In less than 10 days, barring no judicial intervention, President Muhammadu Buhari will hand over to Bola Tinubu, after 8 years in the saddle.
He promised to change the country— in the kitchens and on dining tables, Buhari’s changes have been felt.
“You voted for change and now change has come,” an elated Buhari said in his acceptance speech in 2015 after former President Goodluck Jonathan called to concede defeat.
In the course of the campaign, there was a picture where President Buhari and Osinbajo had sachet Milo, a popular cocoa beverage, on their dining table. Buhari would need to pay more than double for it if he decides to buy it now.

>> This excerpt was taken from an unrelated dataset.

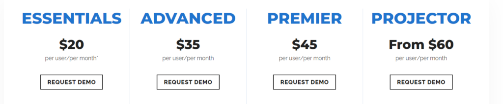 | BASIC $5.9 user/month Billed annually or $7 month-to-month | STANDARD $8.4 user/month Billed annually or $10 month-to-month | PREMIUM $16.7 user/month Billed annually or $20 month-to-month |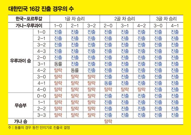 또다시 경우의 수가 펼쳐졌다. 한국 축구 국가대표팀이 11월 28일 가나에 2-3으로 석패하면서 16강 진출을 위한 셈법이 복잡해졌다(표 참조). 포르투갈이 우루과이와 가나를 연이어 꺾어 H조 1위로 16강 진출을 확정한 가운데 조 2위를 두고 한국, 우루과이, 가나의 치열한 결전이 예상된다. 포르투갈전은 12월 3일 밤 12시에 시작된다. 가나와 우루과이도 같은 시간 경기를 펼친다.

It was N30 during that period, it is now sold for N90.
One special food Nigerians, mostly young people, like to cook, eat is Jollof spaghetti— the ingredients are simple: pasta, egg, fish, tomato paste, oil, and spices.
Newspot reports that before Buhari assumed office, a pack of pasta cost N90, a piece of egg goes for N30, tomato paste N25, a sachet of vegetable oil was N30 and small mackerel fish was for N200.
In 2023, to cook the same spaghetti jollof, one will need N600 for the pasta, N100 for tomato paste, N100 for a piece of egg, N100 for a sachet of oil and small mackerel fish now costs N800.
The jollof rice index released by SBM intelligence shows that Nigerians can no longer afford jollof rice as the price continues to grow under Buhari.
The index released in 2016 shows that it cost N4,087 to prepare jollof rice for a family of five or six. The latest report for the first quarter shows that the same portion cost N10,882.
A bag of sachet water when Buhari came on board was sold for N70, same goes for N250 in many states across the country.
Nimot Shekoni, a baker in Abuja, lamented the increment in prices of baking ingredients.
“Even four years ago, a mudu of flour cost N300, a 500 gram of butter was N200— it is not easy to bake cakes and still make profit,” he told Newspot.
It is not only small bakers like Shekoni that are feeling the impact of the increase in food items. Big bread makers have increased prices by almost 400% between 2015 and 2023.
One big loaf of bread sold for average of N250-N300 in 2015, the same bread now sells for N800-N1000.
Although experts have blamed the Russia/Ukraine war for the increment in prices of basic items, many Nigerians believe that their kitchens and dining tables have been feeling the heat long before the war in Europe.